> _Assignment_: Return only the lines of the data below from the line with "Размеры Рекомендуемый возраст" up to and including the line with "欲しい有料アプリを検索し、お気に入りに登録する事で、", exactly as written, with the pictures omitted.

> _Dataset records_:
+--

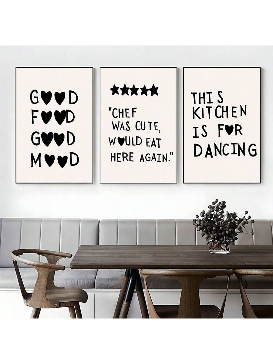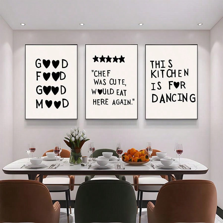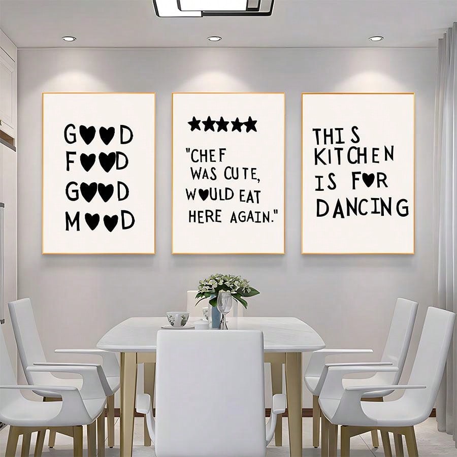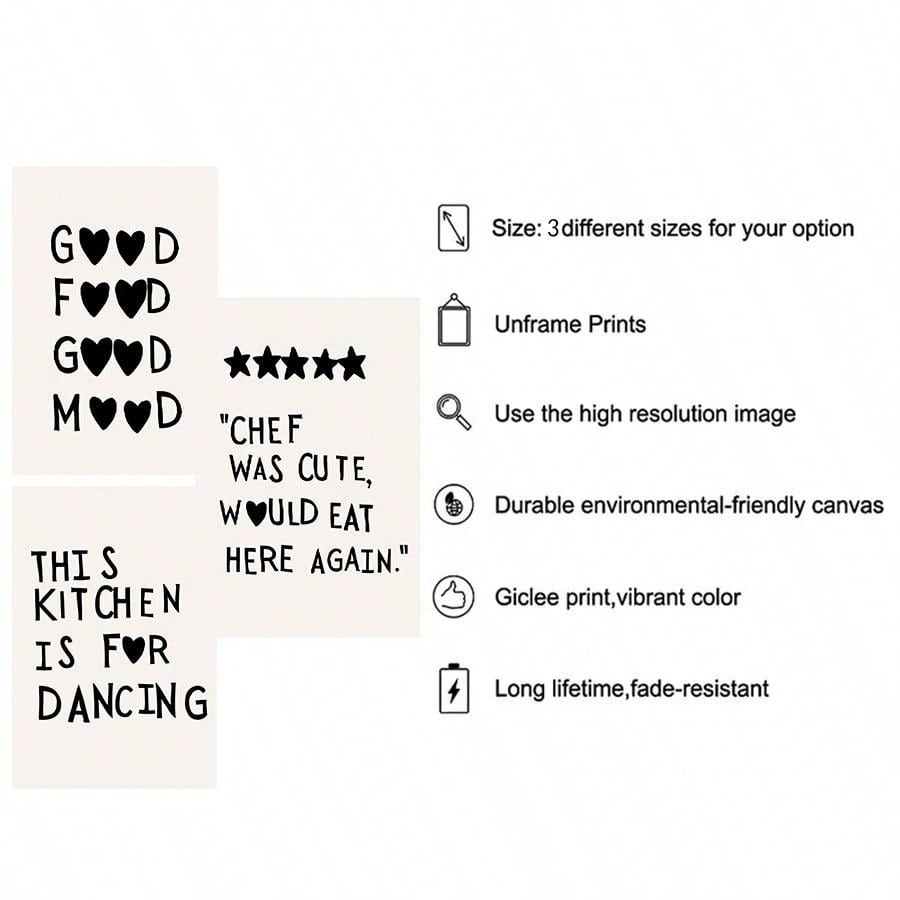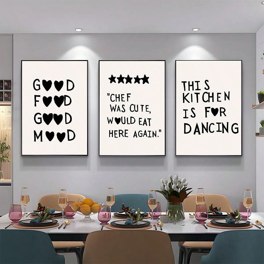 3-Piece Minimalist Cooking Art Canvas Prints for Modern Kitchen Decor
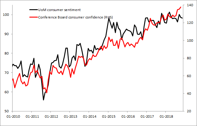 Oprócz tego poznaliśmy dzisiaj dane dotyczące nastrojów konsumentów. Indeks UoM spada mniej od oczekiwań rynkowych, jednak wciąż prezentuje sporą dywergencję z indeksem prezentowanym przez Conference Board. Jak widać w ostatnich kilku latach zazwyczaj indeks UoM był tym bardziej zmiennym i prezentował relatywnie wyższe wskazania niż indeks CB. Jeżeli kolejne miesiące przynosią wzrosty, będzie to oznaczało powrót do normalnej sytuacji. W przeciwnym razie może to być sygnał ostrzegawczy dla Wall Street oraz dolara.
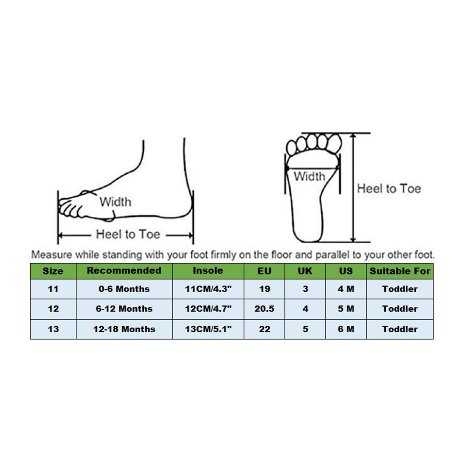 Размеры Рекомендуемый возраст Длина стельки ЕС Великобритания США Подходит для 11 0-6 месяцев 11 см/4,3" 19 3 4 м Для малышей 12 6-12 месяцев 12 см/4,7" 20,5 4 5 м Для малышей 13 12-18 месяцев 13 см/5,1" 22 5 6 м Для малышей
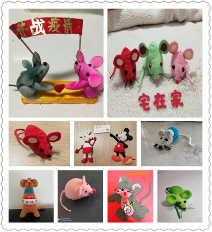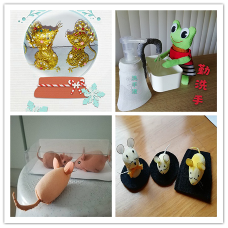 第一期正值过完年,朱老师教的是老鼠的制作,同学们结合教学,充分发挥想像,用丝网、针织、泥塑、金丝编、布艺布贴等各种材料做的老鼠,多有趣呀!连在外地的同学,虽工具和材料都在合肥,但也克服困难,想尽办法,创作了好几件惟妙惟肖的可爱作品。
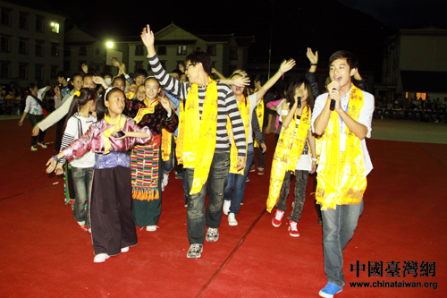 7月5日晚,川臺(tái)兩地學(xué)生在九寨溝縣漳扎小學(xué)舉行篝火晚會(huì)。(中國臺(tái)灣網(wǎng) 王偉 攝)
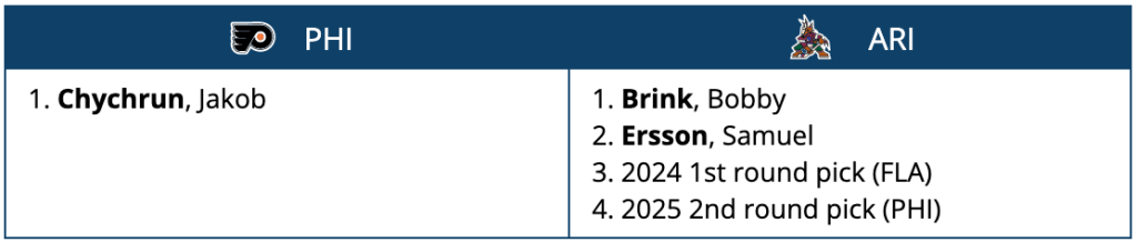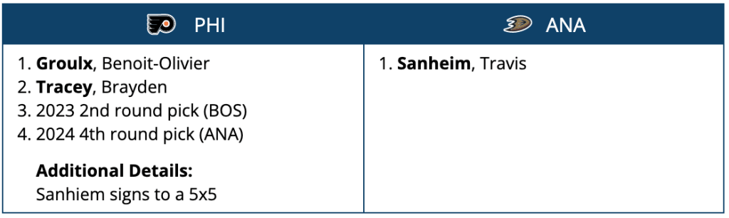 The Flyers get a cocktail of picks and prospects for their pending UFA at the 2023 trade deadline, and the Ducks get a puck-moving defenseman to compliment their young, speedy forwards corps.
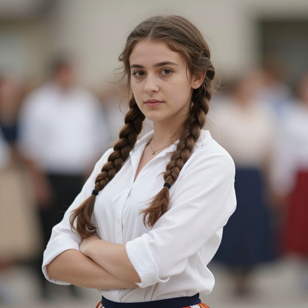 "morris dancing costume, 1girl, solo, looking at viewer, braid, realistic, blurry background, blurry, brown hair, shirt, white shirt, long hair Realistic photo of casual sexy person with pretty face"
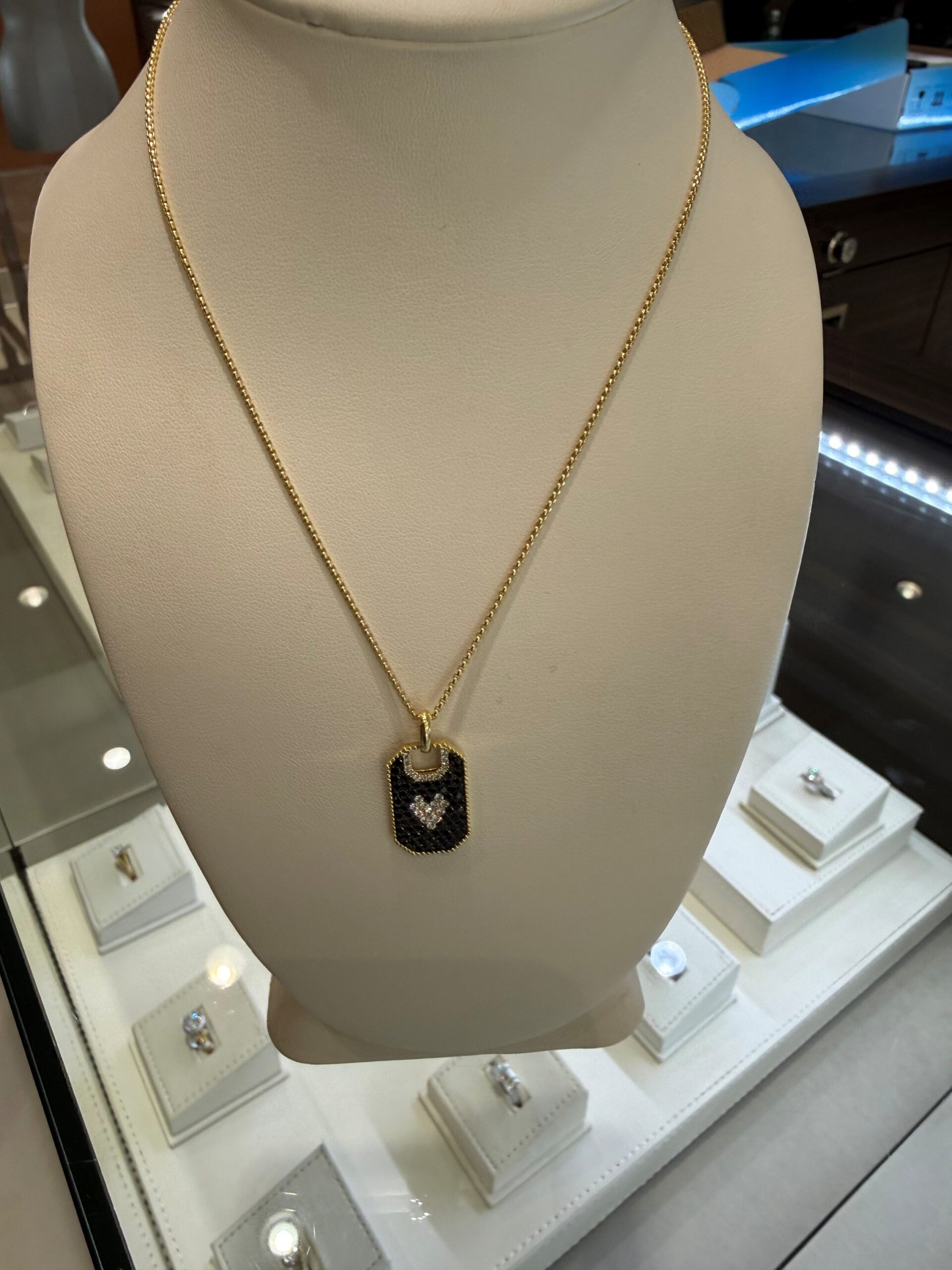Lori’s new black and white diamond dog tag necklace! The picture doesn’t do it justice.
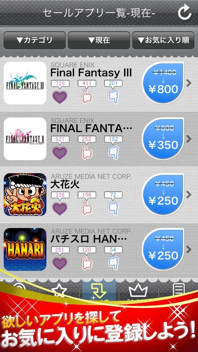 欲しい有料アプリを検索し、お気に入りに登録する事で、
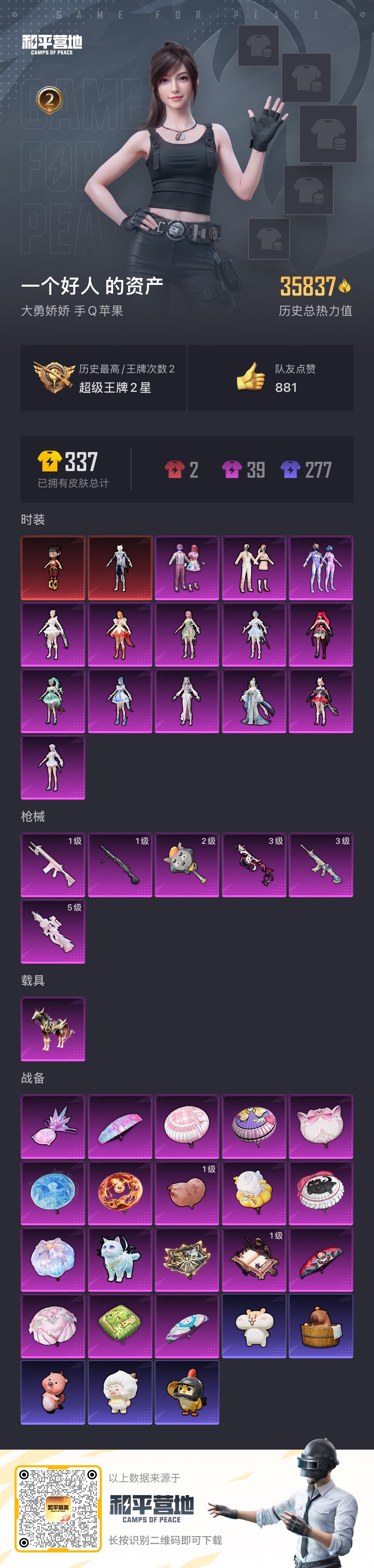 PX_2294338-赛季战神框,都市,蜘蛛侠,巧克力,猪妹,特训】YXc20860-【不可二次】【因赛季更新游戏段付以上号为准!】 苹果Q-3稀有1载具14粉装7特效枪35热门166套装243枪皮,7印记,历史无敌战神, 【3稀有】,奇异狩猎者,都市猎人,浪漫天命, 【1载具】,阿斯顿马丁S红色, 【14粉装】,梦幻火箭,天启纪元,奇迹舞步美雪,宝贝奶油派,天使彩虹糖,甜心巧克力,幻影飞狐,缤纷油彩,极限特训,古堡领主,极致幻想,翡翠骑士,星之彼岸,暗夜玫瑰, 【7特效枪】,AKM-炫紫旋律,(5级),M762-甜蜜誓约,(7级),MG-36-沧焰双生,(5级),DP-28-豹影疾电,(5级),Mk14-甜梦熊击,(5级),DBS-幻影飞狐,(4级),SLR-暗夜玫瑰,(4级), 【35热门】,奇迹天团,星光纪元,2B战斗服款,青涩年华,雪山精英,潮萌小黄鸭,鹰眼刺客,软萌银虎,奇迹天团,激萌罗小黑,深海小丑鱼,浪漫波比,NV战队服,暗夜契约,暗影哥特,团圆交子,瑞龙福将,纯白誓言,漫步者,梦之呓语,朱雀圣者,静谧青瓷,破蛋小黄鸡,风华少年志,白月香洋装,新侠客行,黑色刀锋,M416-魔法学院,M416-仓鼠灰灰,AKM-奇异狩猎者,M762-奇异狩猎者,M762-潮萌小黄鸭,M762-瑞龙福将,M24-奇异狩猎者,S686-奇异狩猎者, 【1飞行器】,春暖花开飞行器, 【6头盔】,梦幻火箭头盔,甜心宝贝头盔,金风玉露头盔,甜蜜誓约头盔,心之恋语头盔,夏日绵绵冰头盔, 【5背包】,梦幻火箭背包,甜心宝贝背包,金风玉露背包,神秘黑猫背包,甜蜜誓约背包
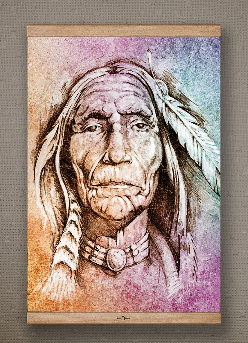 Full Frame Kanvas Poster - Yaşlı Kızılderili - KAYIN (FFK-PT01)
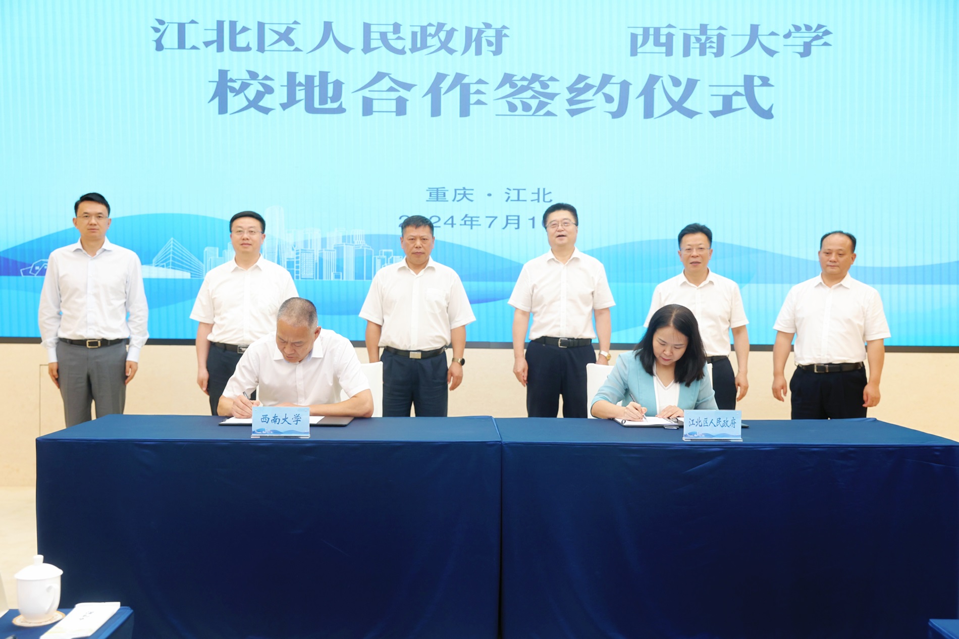 7月10日,Beat365中文官方网站、江北区人民政府校地合作签约仪式在江北区行政服务中心举行。江北区委书记滕宏伟,区长陶世祥,区委副书记张才明,副区长吴亚莉,区政府党组成员陈静;学校党委书记张卫国,党委副书记、纪委书记夏玉峰,副校长葛信勇出席仪式。
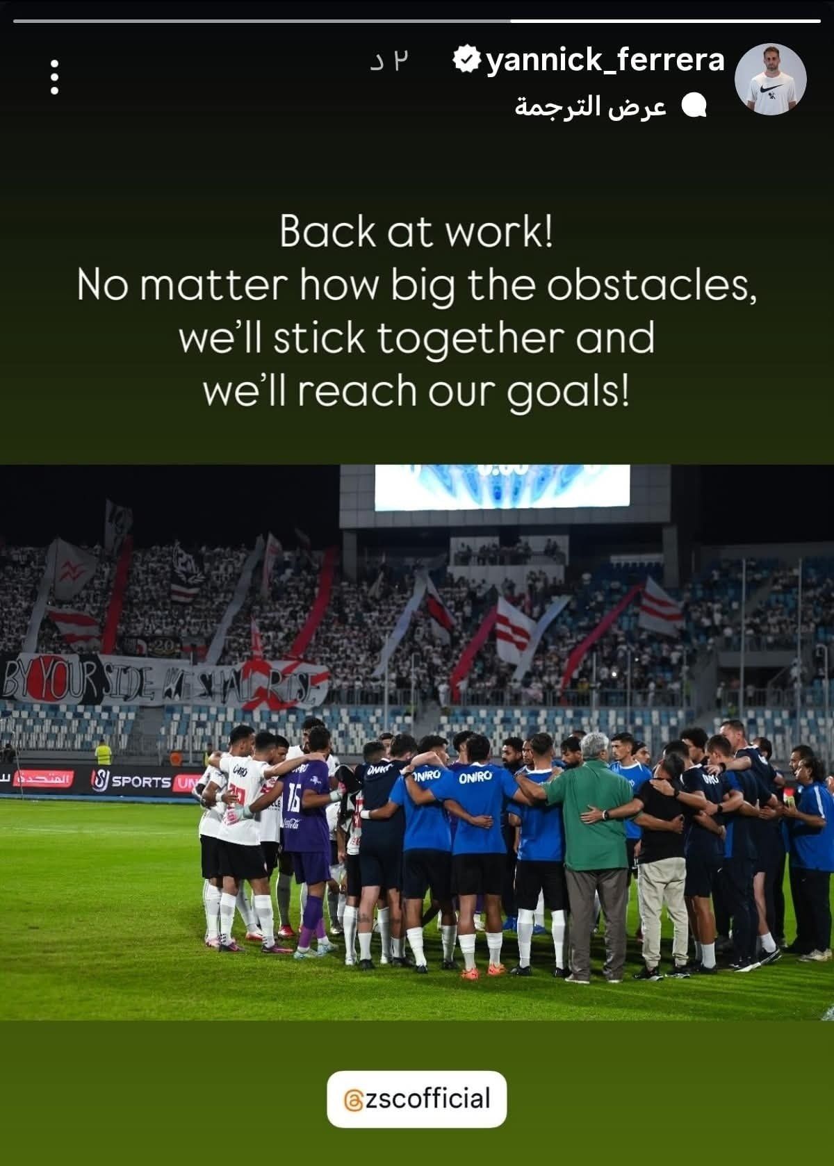 وكتب فيريرا على الصورة:"العودة إلى العمل،مهما كانت العقبات كبيرة،سنبقى معًا وسنصل إلى أهدافنا".
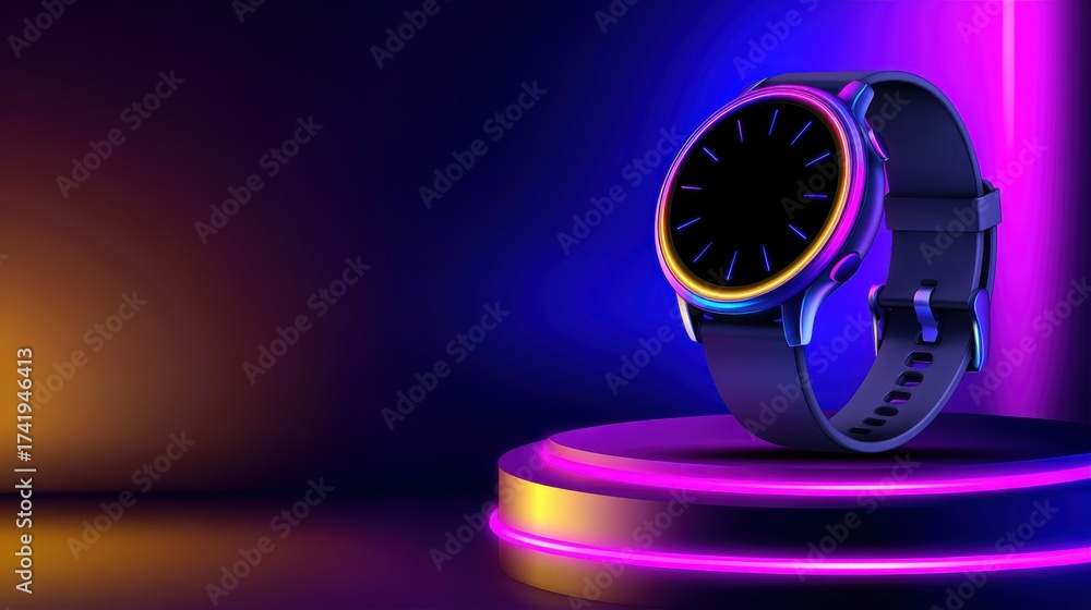 Stylish smartwatch displayed on a vibrant podium with colorful lighting, showcasing modern design elements #1741946413
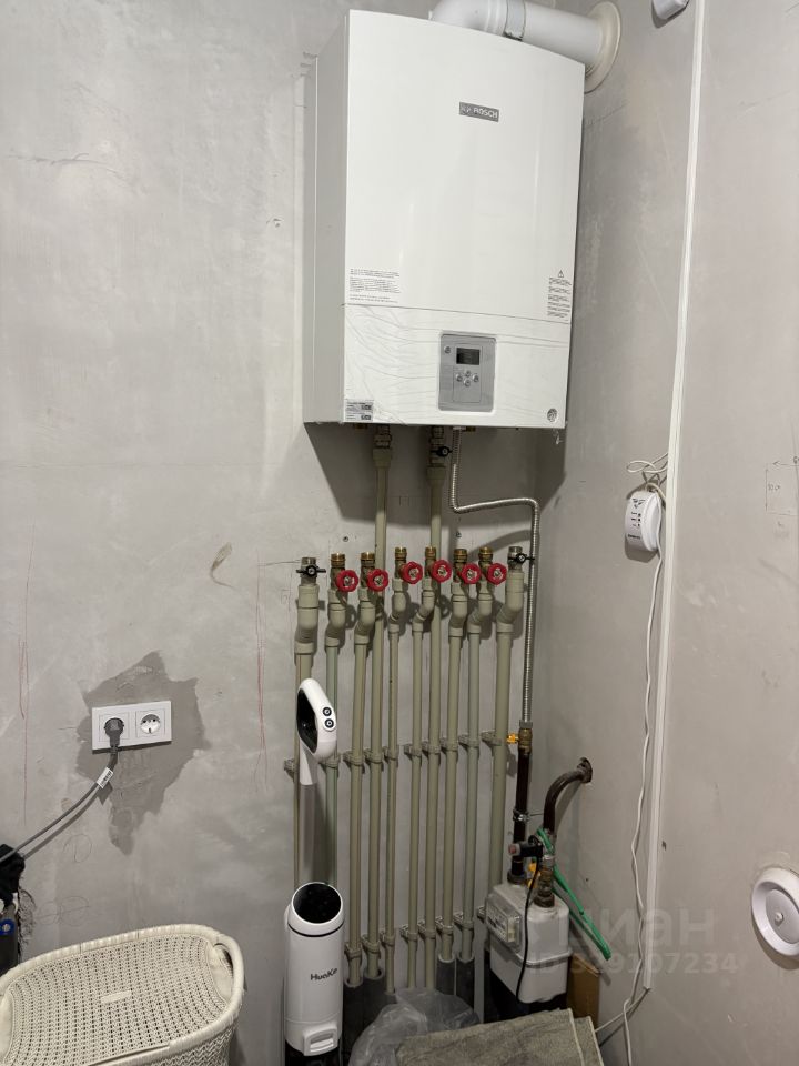 Электричество — 15 кВт, оформлен пониженный коэффициент. Вода и канализация — центральные. Установлен газовый котёл фирмы Booh, двухконтурный бойлер. Сделаны выводы под фильтры и накопительную бочку. Также установлен бесшумный насос для повышения давления в системе.
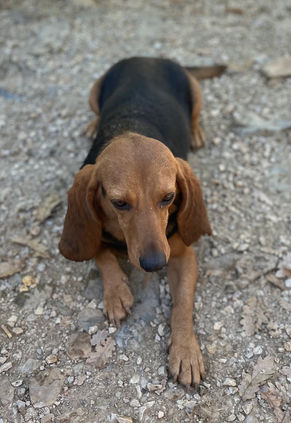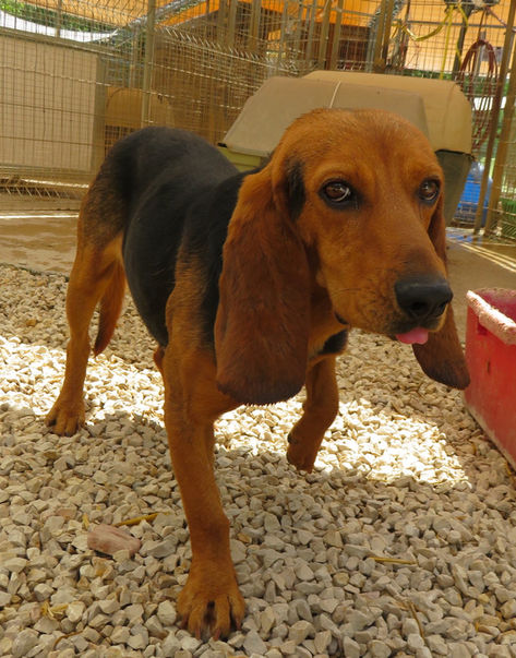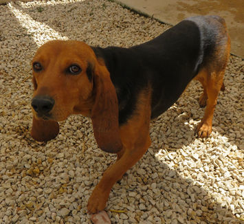 C'est un Bruno du Jura qui errait dans le quartier d’une petite ville depuis Février 2022...On l'entendait arriver de loin car sur son collier, bien serré, une cloche l'annonçait comme les lépreux au moyen âge. Les habitants de ce lotissement calme et tranquille ne supportaient plus cette cloche qui résonnait en pleine nuit. Peureux, inapprochable, il sortait plutôt la nuit. Pendant plusieurs mois certains habitants, émus par son triste sort, lui ont laissé à manger et à boire : le chien squelettique à son arrivée est devenu tout rond :) Heureusement il y a encore des humains avec du cœur. Quand Natacha qui habite ce quartier nous a appelées dans le courant de l'été nous avons promis de l'aider, nous avons mis en place une stratégie, le même jour, la police municipale nous a aussi contactées parce que les gens se plaignaient de la présence du chien. C’est une longue histoire mais nous avons réussi à le capturer.

+--

> _Solution_:
 Размеры Рекомендуемый возраст Длина стельки ЕС Великобритания США Подходит для 11 0-6 месяцев 11 см/4,3" 19 3 4 м Для малышей 12 6-12 месяцев 12 см/4,7" 20,5 4 5 м Для малышей 13 12-18 месяцев 13 см/5,1" 22 5 6 м Для малышей
 第一期正值过完年,朱老师教的是老鼠的制作,同学们结合教学,充分发挥想像,用丝网、针织、泥塑、金丝编、布艺布贴等各种材料做的老鼠,多有趣呀!连在外地的同学,虽工具和材料都在合肥,但也克服困难,想尽办法,创作了好几件惟妙惟肖的可爱作品。
 7月5日晚,川臺(tái)兩地學(xué)生在九寨溝縣漳扎小學(xué)舉行篝火晚會(huì)。(中國臺(tái)灣網(wǎng) 王偉 攝)
 The Flyers get a cocktail of picks and prospects for their pending UFA at the 2023 trade deadline, and the Ducks get a puck-moving defenseman to compliment their young, speedy forwards corps.
 "morris dancing costume, 1girl, solo, looking at viewer, braid, realistic, blurry background, blurry, brown hair, shirt, white shirt, long hair Realistic photo of casual sexy person with pretty face"
Lori’s new black and white diamond dog tag necklace! The picture doesn’t do it justice.
 欲しい有料アプリを検索し、お気に入りに登録する事で、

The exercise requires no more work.